┌─ Records for the exercise
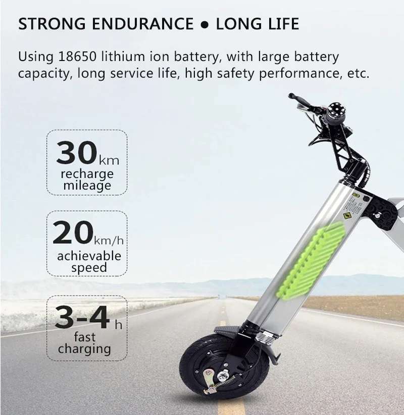 You can adjust the speed freely. Built in 18650 power lithium battery, power is 250W, charging duration of 3-4 hours, battery endurance of 30-45 km (18.6-28 miles), is the best choice for short trips.
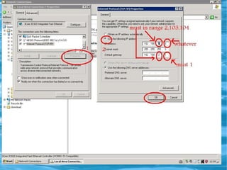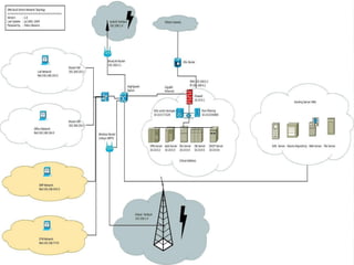 This document outlines the specifications and configuration for supplying, installing, and testing an integrated server with radius accounting capabilities. It includes hardware requirements of a dual core CPU, 2GB RAM, and 360GB hard drive. It then details the software including the Linux operating system, FreeRadius server, MySQL, and other applications. The document provides a standard configuration with IP addresses and hostnames for 7 virtual servers and specifies basic networking, VPN, Samba file sharing, and radius authentication functions. It also describes user management and traffic control features to be implemented.
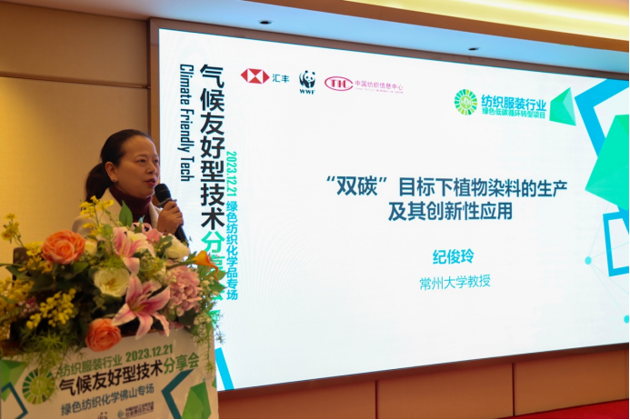 紀(jì)俊玲教授分享了關(guān)于雙碳目標(biāo)下植物染料的生產(chǎn)及其創(chuàng)新性應(yīng)用的研究。她強(qiáng)調(diào)了植物染料在實(shí)現(xiàn)碳中和和綠色經(jīng)濟(jì)中的重要作用,特別是在服裝紡織產(chǎn)業(yè)的應(yīng)用。她詳細(xì)探討了植物染料的定義、生產(chǎn)關(guān)鍵技術(shù)、以及其在紡織品中的創(chuàng)新性應(yīng)用。紀(jì)教授的演講展示了植物染料作為一種可持續(xù)、環(huán)保的染色選項(xiàng)在紡織行業(yè)中的潛力及其對(duì)傳統(tǒng)染色技術(shù)的挑戰(zhàn)。
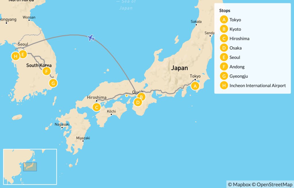 Map of Cultural Experiences & Historic Highlights in Japan & South Korea – 14 Days
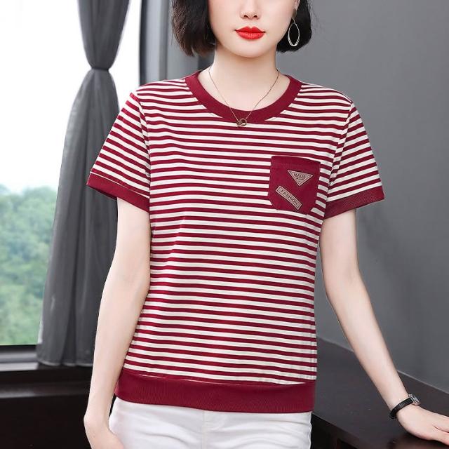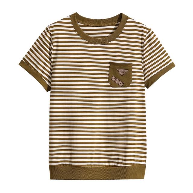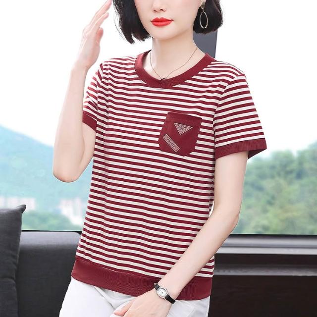 春夏上新 短袖 t桖 2026春季新款媽媽裝條紋口袋短袖女士高級感小眾設計寬松顯瘦拼接
└─
Although the records contain pictures, return only their text, exactly as written.

▶ **Solution to this problem**:
 You can adjust the speed freely. Built in 18650 power lithium battery, power is 250W, charging duration of 3-4 hours, battery endurance of 30-45 km (18.6-28 miles), is the best choice for short trips.
 This document outlines the specifications and configuration for supplying, installing, and testing an integrated server with radius accounting capabilities. It includes hardware requirements of a dual core CPU, 2GB RAM, and 360GB hard drive. It then details the software including the Linux operating system, FreeRadius server, MySQL, and other applications. The document provides a standard configuration with IP addresses and hostnames for 7 virtual servers and specifies basic networking, VPN, Samba file sharing, and radius authentication functions. It also describes user management and traffic control features to be implemented.
 紀(jì)俊玲教授分享了關(guān)于雙碳目標(biāo)下植物染料的生產(chǎn)及其創(chuàng)新性應(yīng)用的研究。她強(qiáng)調(diào)了植物染料在實(shí)現(xiàn)碳中和和綠色經(jīng)濟(jì)中的重要作用,特別是在服裝紡織產(chǎn)業(yè)的應(yīng)用。她詳細(xì)探討了植物染料的定義、生產(chǎn)關(guān)鍵技術(shù)、以及其在紡織品中的創(chuàng)新性應(yīng)用。紀(jì)教授的演講展示了植物染料作為一種可持續(xù)、環(huán)保的染色選項(xiàng)在紡織行業(yè)中的潛力及其對(duì)傳統(tǒng)染色技術(shù)的挑戰(zhàn)。
 Map of Cultural Experiences & Historic Highlights in Japan & South Korea – 14 Days
 春夏上新 短袖 t桖 2026春季新款媽媽裝條紋口袋短袖女士高級感小眾設計寬松顯瘦拼接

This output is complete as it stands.